Весной 1997 года, когда Гинзберг уже страдал от диабета и хронического гепатита, у него обнаружили рак печени. Узнав об этой болезни, Гинзберг сразу же написал двенадцать коротких стихотворений. На следующий день он перенес инсульт и впал в кому. Через два дня он умер. В New York Times, Гинзберг запомнился Уильяму Берроузу как «великий человек с мировым влиянием».

Поэзия Гинзберга за последние несколько лет его жизни собрана в сборнике «Смерть и слава: стихи, 1993–1997». В этот том вошли работы, созданные Гинзбергом сразу после того, как он узнал о своем раке. Обозреватель Publishers Weekly , который признал, что «никогда не было такого публичного американского поэта, как Гинзберг», описал Death and Fame как «идеальный краеугольный камень благородной жизни». Рэй Олсон и Джек Хелберг, писавшие в Booklist, , нашли поэзию Гинзберга «отшлифованной, если не сдержанной», а Рошель Ратнер в оценке Library Journal отметила, что «нежность и забота Гинзберга… очень очевидны».

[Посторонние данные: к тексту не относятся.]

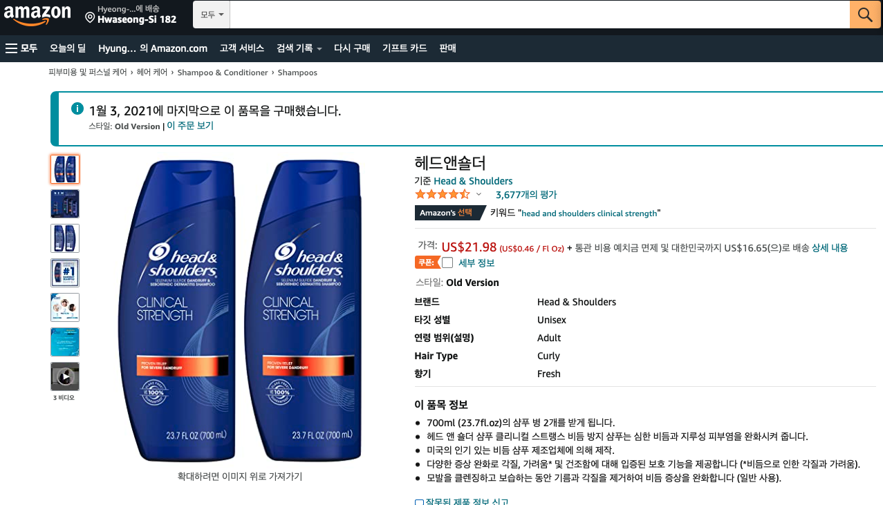 인터넷을 검색하다가 지루성 두피에 매우 효과적인 샴푸가 있다길래 한번 주문을 해보았습니다. 이 제품은 한국에서는 판매되고 있지 않은 상품인데요. 그 상품은 바로 '헤드앤숄더 클리니컬 스트렝스'입니다.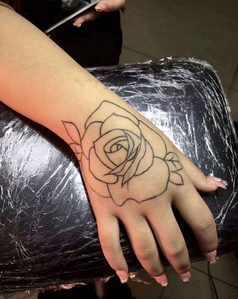 玫瑰花纹身图片_手部欧美写实纹身图案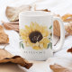 Elégante tasse à café de style champêtre tournesol personnalisé. Notre design comprend nos tournesols jaunes dorés peints à la main, des fleurs crème blanches et des espaces verts naturels aménagés pour créer cet élégant aménagement de style champêtre. Nos tournesols jaunes fleuris enveloppent la tasse de café. Customisez avec votre nom et votre monogramme. Toutes les fleurs sont peintes à la main par Moodthology Papery.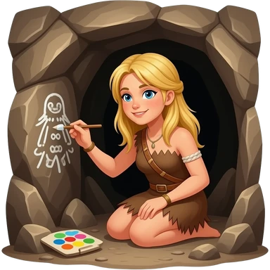 blonde cavewoman making cavepainting emoji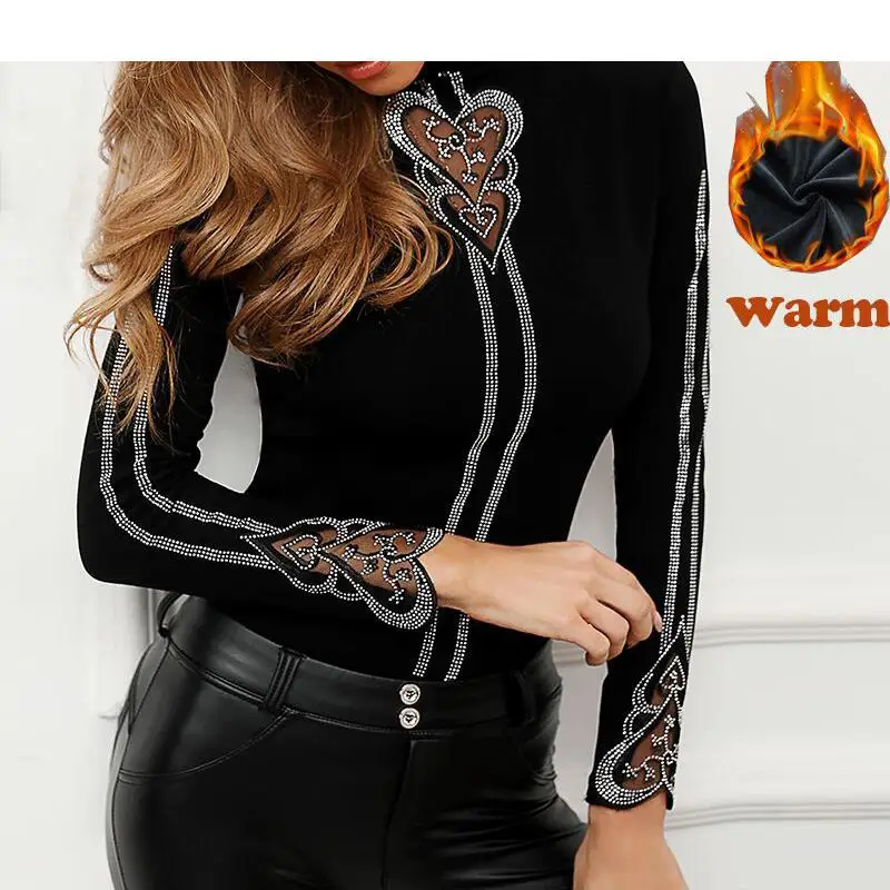 Женская блуза с длинным рукавом, плюс размер, выше размера, с шипами, с узором в виде сердца, однотонная, весна-осень, теплая, кашемировая, Тонкий Топ, шикарная элегантная рубашка

Другая из посмертных публикаций Гинзберга, Умышленная проза: Избранные эссе, 1952-1995, представляет более ста пятидесяти эссе на такие темы, как ядерное оружие; война во Вьетнаме; цензура; поэты, такие как Уолт Уитмен и битник Грегори Корсо; и другие светила культуры, включая музыканта Джона Леннона и фотографа Роберта Франка. А 9Критик 0415 Publishers Weekly оценил «Преднамеренная проза » как «иногда прекрасную, иногда небрежную» и добавил, что книга «обязательно понравится широкому кругу поклонников [Гинзберга]». Тем временем рецензент Booklist Рэй Олсон счел эссе Гинзберга «более доступными, чем большая часть его стихов».

Какой Гинзберг хотел запомниться? «Как человек в традиции старого американского трансценденталистского индивидуализма, — сказал он, — из этой старой гностической традиции… Торо, Эмерсон, Уитмен… просто перенося ее в 20-й век».